How to select the most suitable term insurance plan in India for yourself

Family life insurance and policy
Family life insurance, family services, family policy and supporting families concepts. Woman with protective gesture and silhouette representing young family.

Despite being well educated, tech-savvy and having access to all the information online, millennials still rank low when it comes to money matters. The number of millennials who are aware of the importance and options in insurance domain is very low, and the number of millennials who have invested in insurance policies is even more scarce. This is mainly because this generation, who believes in the concept of YOLO that is you live only once, focuses more on tangible investments. For example, buying a new car, new home, or going on a trip, basically things that bring instant gratification. But they forget that even though the term plan won’t look important at the moment, it proves to be beneficial in many ways in the long term.

As soon as a person starts earning, parents, especially Indian parents, will remind him/her about the importance of buying a good term insurance policy. After that will come the point where friends and colleagues will too start informing about the benefits of buying a term plan.
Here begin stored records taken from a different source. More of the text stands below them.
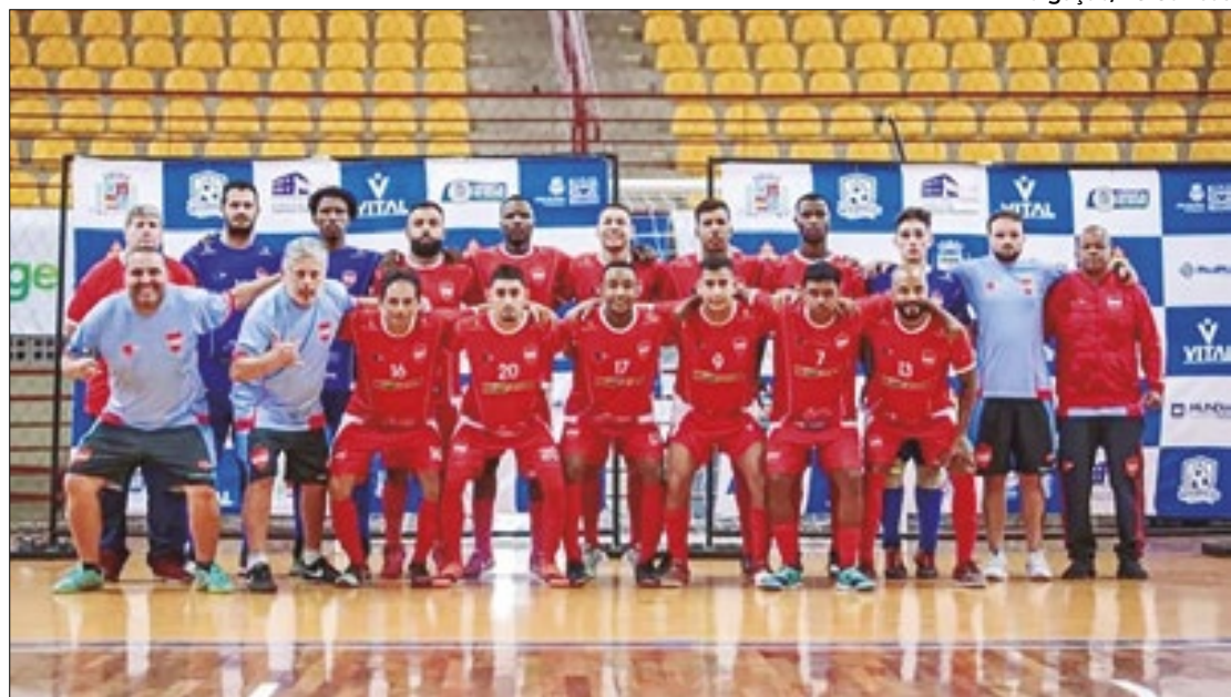
Elenco campeão da Copa Integração 2024 (sede: Santos Dumont)

Entre as ações realizadas pelos alunos da faculdade estão:
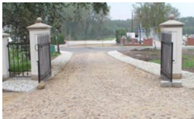
Brama wjazdowa do parku.

Rewitalizacja Zespołu Pałacowo-Parkowego w Koźminku (2005-2006) - 709 069,10 zł z czego dotacja programu Odnowa Wsi oraz Zachowanie i Ochrona Dziedzictwa Kulturowego wyniosła 63,46% co stanowi kwotę - 450 000,00 zł.
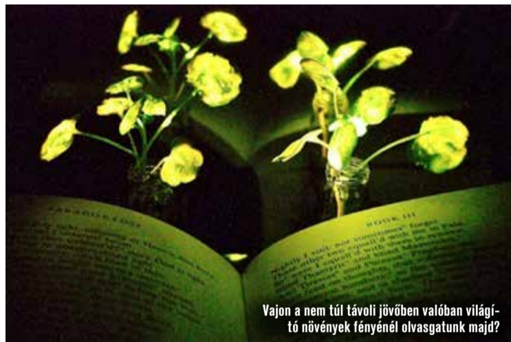
Vajon a nem túl távoli jövőben valóban világitó növények fényénél olvasgatunk majd?

adatát előadásában Frankó Csuba Dea –, hogy mit jelent embernek lenni a mesterséges intelligencia, a robotika, a szintetikus biológia korában, akkor, amikor a megszerzett tudás elavulási ideje mindössze öt év. A mintáink ugyanis, amelyeket döntően a 20. századból vagy még korábbról hozunk magunkkal, nem fognak működni a következő évtizedekben, mint ahogyan sok esetben már most sem működnek.
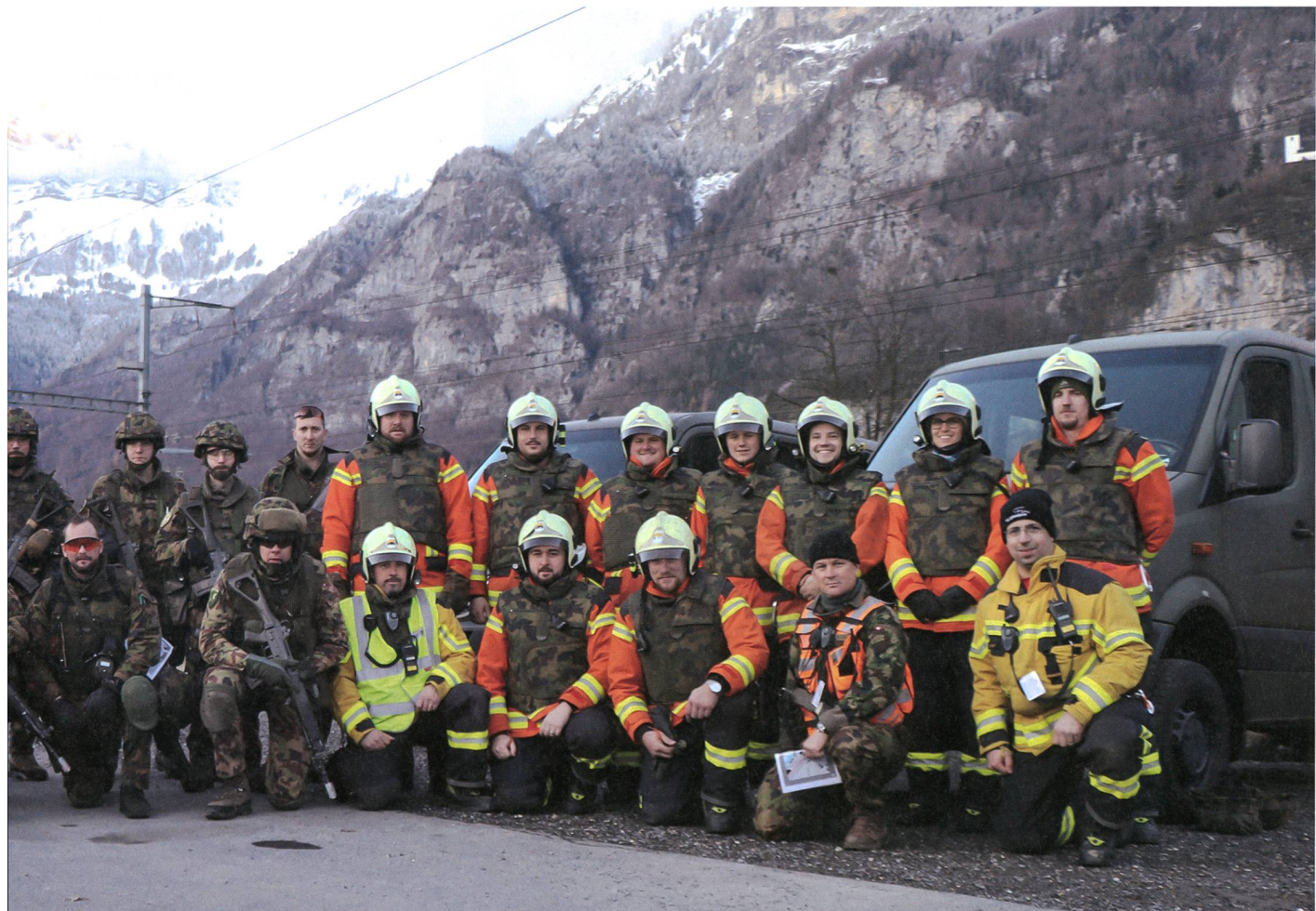
sammen mit der Feuerwehr Flums.

klar. In der heutigen Welt der hybriden Bedrohungen, muss sich die Armee vielfältigen Herausforderungen entgegenstellen. Was jedoch eindeutig ist: Im AZA wird realitätsnah, kompetent und zukunftsorientiert ausgebildet. +
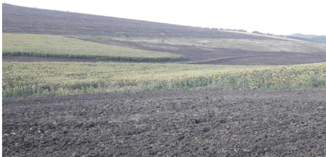
Рис. 1. Розораний схил > 5° (призначення - пасовище) у Новопокровському районі

Причому слід зауважити, що орендаторами обробляються під основні польові культури майже всі можливі площі, незважаючи на цільове їх призначення, і це не завжди відображується у статистичній звітності. Найчастіше до інтенсивного обробітку залучаються незатребувані площі на угіддях сінокосів і пасовищ. Прикладом може слугувати зафіксоване на фото розміщення соняшника на еродованому схилі, який міг би бути захищеним, наприклад, багаторічними травами (Рис.1).
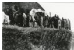
Openluchttheater (Kain en Abel?) (GZtuI007)
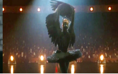
Resim 28. Siyah Kuğu Filmi (1:36:32)
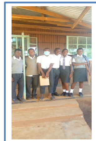
"Gamla" elever på besök
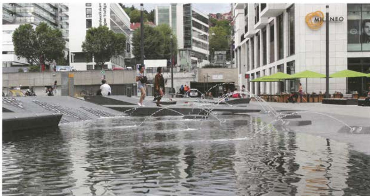
Das Wasserspiel zeigt sich mit unterschiedlichen Dynamiken, mal mit flachen Quellpunkten, mal mit kleinen Fontänen.

über Schlitzrinnen und Bodenabläufe ebenfalls in den Regenwasserkanal. Im Falle von Starkregenereignissen bis zu einer 30-jährigen Wiederkehrhäufigkeit, die den Bemessungsregen ( T_n=2a ) der Schlitzrinnen und Bodenabläufe übersteigen, kann der Mailänder Platz flächig eingestaut werden. Die Hauptneigung und damit auch Fließrichtung des Geländes ist von Nordwesten nach Südosten ausgerichtet, mit Ablauf zur Londoner Straße. Das Einzugsgebiet umfasst eine Gesamtfläche von ca. 10.000 Quadratmeter.
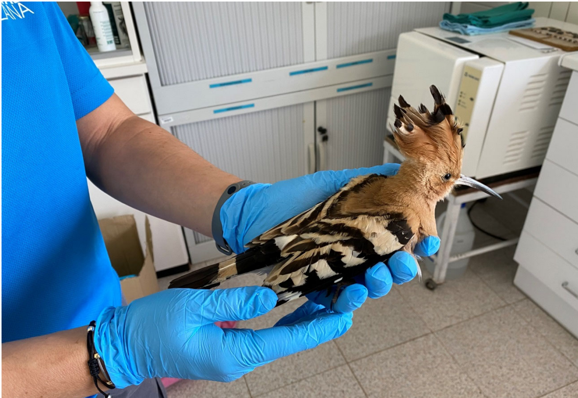
Puput ingressat al centre de fauna de Vallcalent

Els Centres de Fauna Salvatge (CF) de la Generalitat han atès durant el 2020 un total de 18.845 animals, segons es desprèn de les dades de la darrera Memòria de Centres de Fauna. Aquesta xifra representa un descens del 16% respecte de 2019, com a conseqüència de la pandèmia i les limitacions de mobilitat que ha comportat. El Departament de Territori i Sostenibilitat compta amb set centres de fauna repartits pel territori, quatre dels quals tenen activitats regulars de recuperació, a més de dur a terme programes de cria en captivitat.
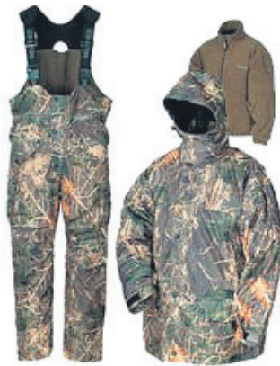
Norfin Expert Camo
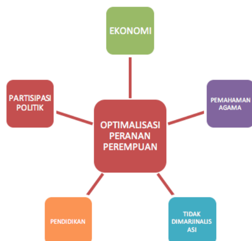
GAMBAR 8. Rekomendasi Penyelesaian Detik.Com

Secara umum rekomendasi penyelesaian yang diajukan oleh Detik.Com adalah membuat pemetaan bagaimana caleg perempuan dapat menjadi anggota parlemen agar memaksimalkan peranan perempuan baik
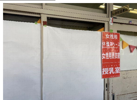
授乳室、女性更衣室スペースづく
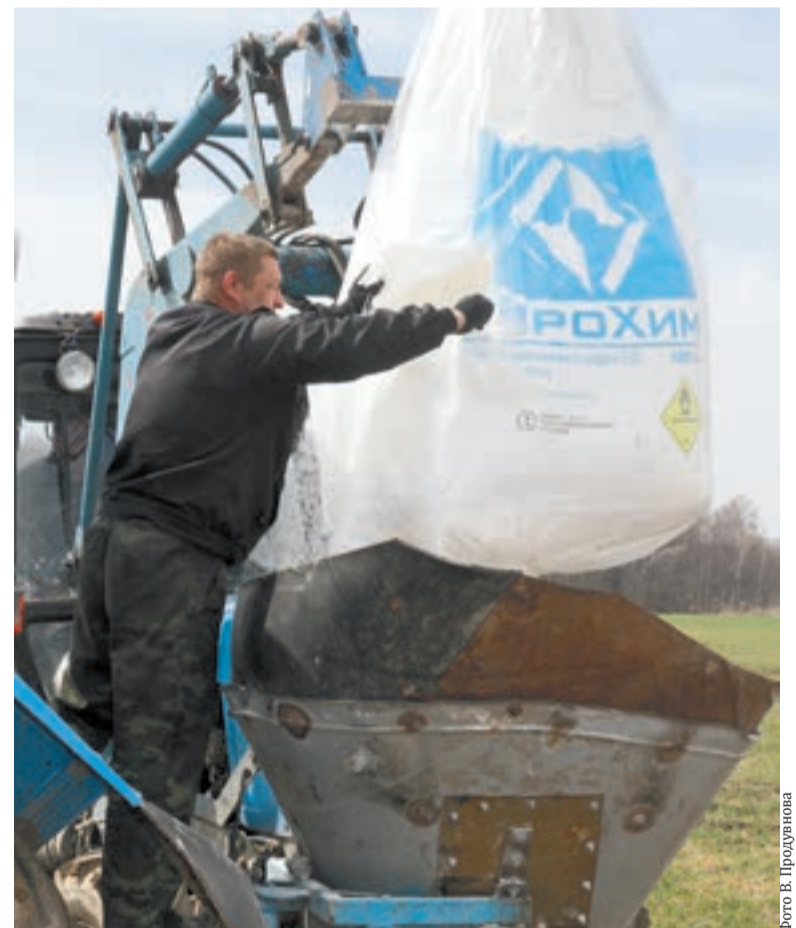
Идет подготовка к подкормке.
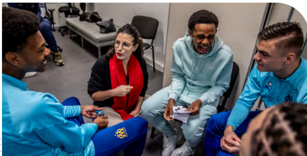
Olympique de Marseille

Dans ce contexte, il est essentiel de former les enseignants, notamment du 1 er degré, comme les animateurs en contact avec les enfants dans les temps péri et extrascolaires, qui se sentent souvent désarmés et inquiets pour aborder sereinement ces sujets, afin de garantir le cadre démocratique où se gèrent la pluralité des convictions, des religions et la liberté de conscience.
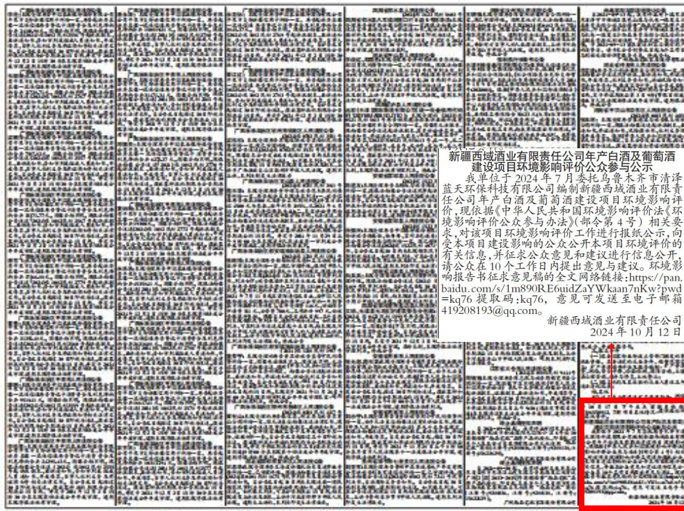
图3 本项目征求意见稿第一次报纸公示照片
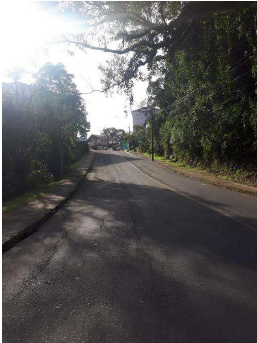
Imagem 5. Rua de acesso à comunidade atualmente
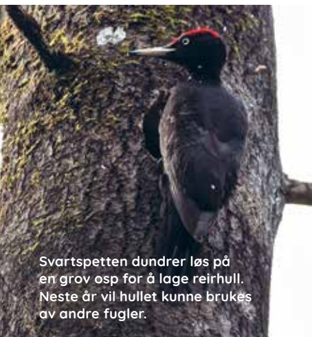
Svartspetten dundrer løs på en grov osp for å lage reirhull. Neste år vil hullet kunne brukes av andre fugler.

Ljanselvas blågrønne korridor av rik natur fra marka til fjorden har en viktig funksjon både som leveområde og korridor for dyr og planter og som rekreasjonsområde for folk fra to bydeler.
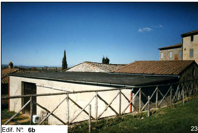
Edif. N° 6b
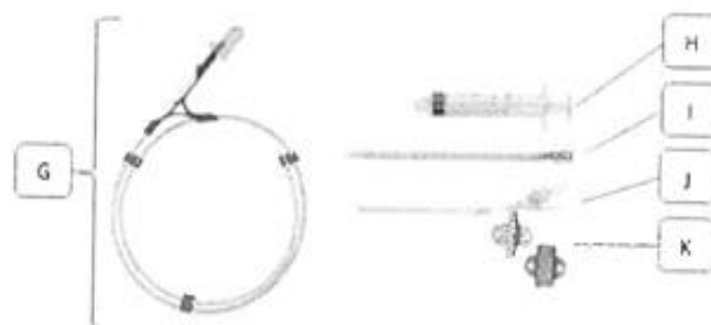
Figura 2 (No incluye diseño)

A: Cuerpo. B: Eje de unión. C: lúmenes. D: Clamp. E: Conector. F: Tapa.
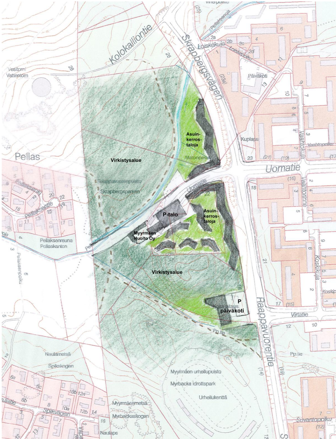
Alustava luonnos maankäytöstä
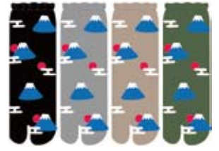
TG566/富士山 ロークルー丈 和柄 日本製 CUTEtype★★★★ 入荷済
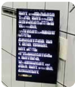
字幕表示のようす

墨田区議会では、傍聴席において、「手話通訳者の配置」(事前申込み制)と「磁気ループシステムの設置」を行っており、本会議場の傍聴席では、音声の字幕表示(文字通訳)も行っています。
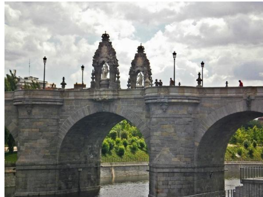
Puente de Toledo
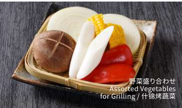
野菜盛り合わせ Assorted Vegetables for Grilling / 什锦烤蔬菜

※写真はイメージです Image is for illustration purposes / 图片仅供参考
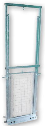
Porte guillotine (grillagé) 700 x 175 x 1970 mm

Photos non contractuelles. Les caractéristiques, les dimensions et les poids indiqués sur cette fiche n'ont qu'une valeur indicative.
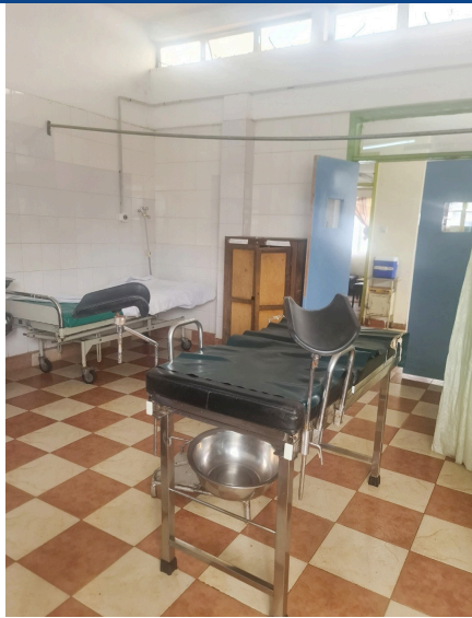
Aðstaðan fyrir kvenskoðun á kvemnadeild sjúkrahússins í Kiambu.
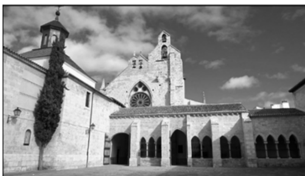
Foto 4. Iglesia de San Francisco 6
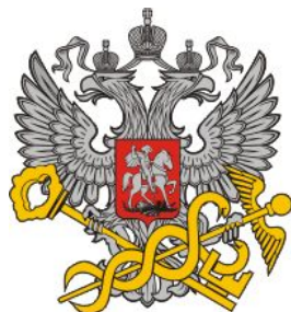
Федеральная налоговая служба
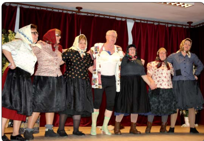
Igrokaz Kulturnog društva „Mura“

Serdahelska mjesna samouprava već godinama prisjeti se svojih umirovljenika i posveti im posebnu pozornost organiziranjem Dana umirovljenika. Tako je bilo i 24. siječnja kada su se bake i djedovi okupili u domu kulture na druženje, na kulturni program, izvrsnu večeru i zabavu. Načelnik Stjepan Tišler pozdravio je okupljene mještane treće dobi i zahvalio im na radu koji su učinili tijekom svoga života za uzdizanje sela Serdahela.
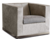
04 SUITCASE LINE FAUTEUILS CM 75X85 H64
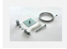
145-50300, N Seile 2000mm + Metallhalter;
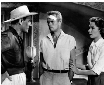
1956 LA COURSE AU SOLEIL (Run for the Sun) de Roy Boulting avec R. Widmark, Jane Greer
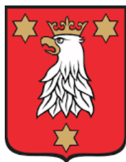
Miasto i Gmina Ostrzeszów
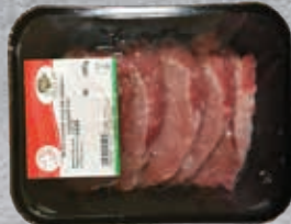
Szeletelt sertés karaj
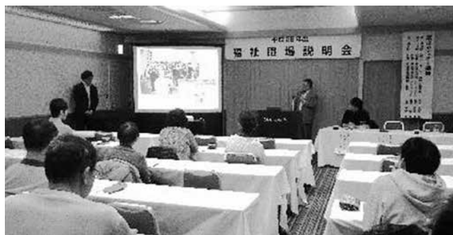
↑ 就活セミナーの様子

11月26日(土)にホテル黒部に於いて福祉職場説明会を開催しました。午前は『就活セミナー』、午後は職場面談を行い、就活セミナーでは職場面談に参加された事業所の中から高齢分野(株)S.M.Y緑の丘様・障がい分野(網走桂福祉会サンライズ・ヨピト様)・児童分野(北海道家庭学校様)から福祉職場の魅力や求める人材像についてご講演頂き、午後からの職場面談には、20法人が参加し、来場者と仕事の内容や職場についてお話していただきました。
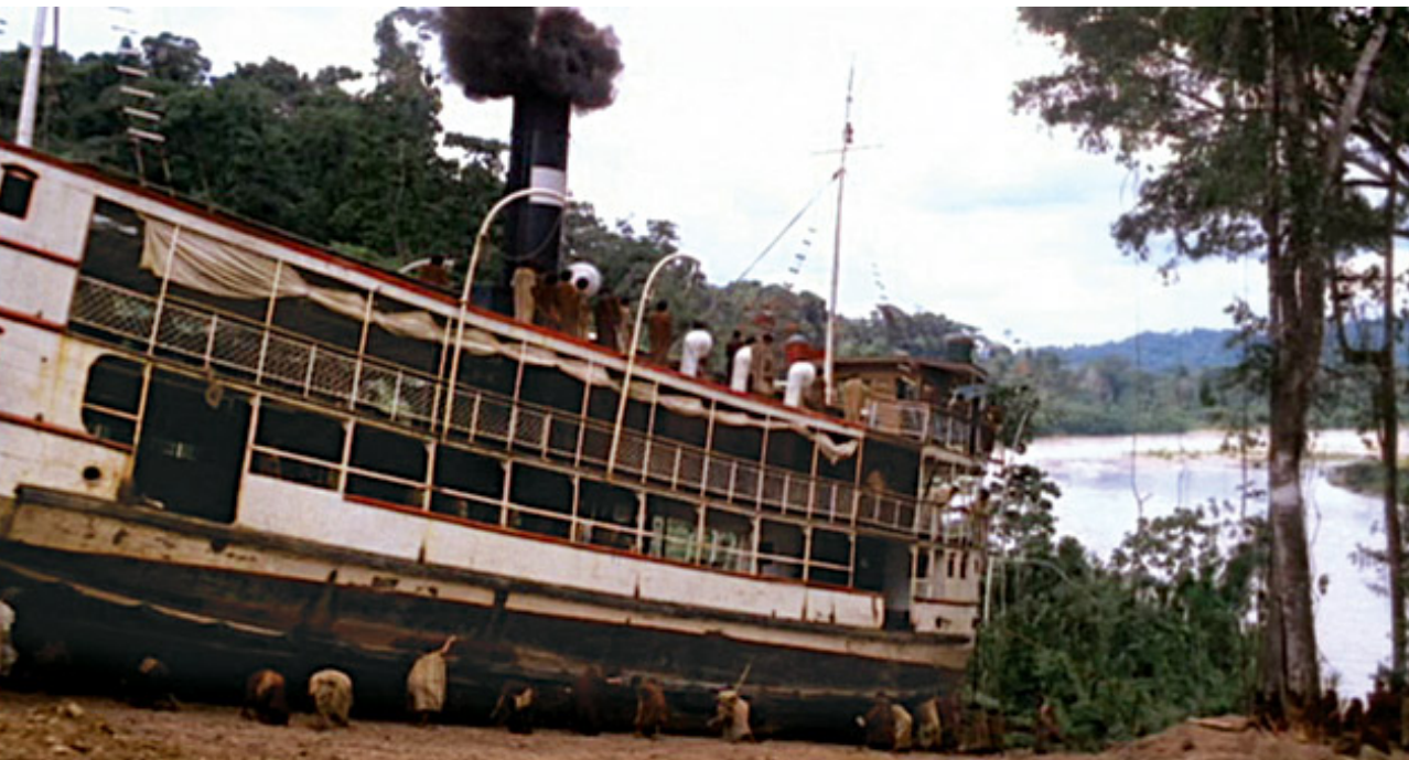
Fitzcarraldo (1982) Werner Herzog.

Richard Sennett fa un paral·lelisme, al llibre El Artesano (2009), que em sembla apropiat comentar, entre el disseny assistit per un ordinador i el dibuix a mà.
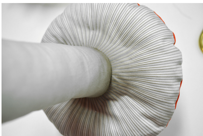
27/ Pohled na stehy na spodním klobouku.
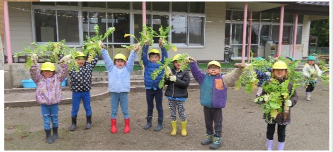
大根を収穫したよ!全部で38本でした!! ふるふき大根で「いっただっきま〜す😊」

今年はや暖冬と言われておりますが、朝晩の冷え込みや、積雪により道路が滑りやすくなっています。 登降園の際は、保護者の皆さんも、気持ちや時間に余裕を持って、今まで以上に車の運転に気をつけましょう。 また、駐車場から玄関までも大変滑りやすく、屋根からの落雪も考えられます。三角コーンの内側には入らないように十分に気をつけましょう。

Most of the conversations will start with the tax benefits that come with term plans under Section 80D of Income Tax Act and draw to the conclusion that every person must invest in a good term insurance plan at the earliest. Not to forget how easy it is to buy term plans online.

Here are some expert tips that will help you to choose a term plan wisely.

1. Claim settlement ratio – Claim settlement ratio is the percentage of settled claims by the insurance provider. The higher the ratio, the more trustworthy is the insurer. Thus, it is very important to check the claim settlement ratio of the insurance company before you select the term plan.

2. Solvency ratio – As per the Insurance Regulatory and Development Authority of India (IRDAI), every life insurance company should maintain a minimum solvency ratio of 1.5. This ratio will tell you whether the insurance company is capable of settling the claim or not. There are instances like a natural calamity when the insurance company might get too many claims. At such a time, the insurance company should be financially ready to settle all the claims smoothly. This is where the solvency ratio plays an important role.

3. Critical illness cover – Generally, a term plan provides financial security to the family of the policyholder in case of his/her death. But death is not the only time when the family might face a financial crunch. In case the policyholder is diagnosed with a critical illness like cancer, kidney issue, etc., then the treatment may cost hefty bills. Thus, shaking the family’s finances. At such times, a term plan must come with an option to provide the policyholder with financial aid that will give some relief to the family members.

4. Add-ons available – A term plan is a basic life insurance cover that will pay off sum assured amount to the family of the policyholder if he/she dies during the term of the policy. If the policyholder needs coverage against specific risks, then he/she must select suitable add-ons which are available by paying a little more amount on the premiums. There are various types of add-ons, like the waiver of premium, income benefit, accidental death, etc.

Cost of premium – If you are done checking all the parameters mentioned above and have shortlisted a few term plans, then it is time to move to the next step. Which is to check the cost of premiums of those plans as it is the amount that you will have to pay every month. Thus, it should fit in your budget. Not being able to pay premiums may lead to lapse of your policy.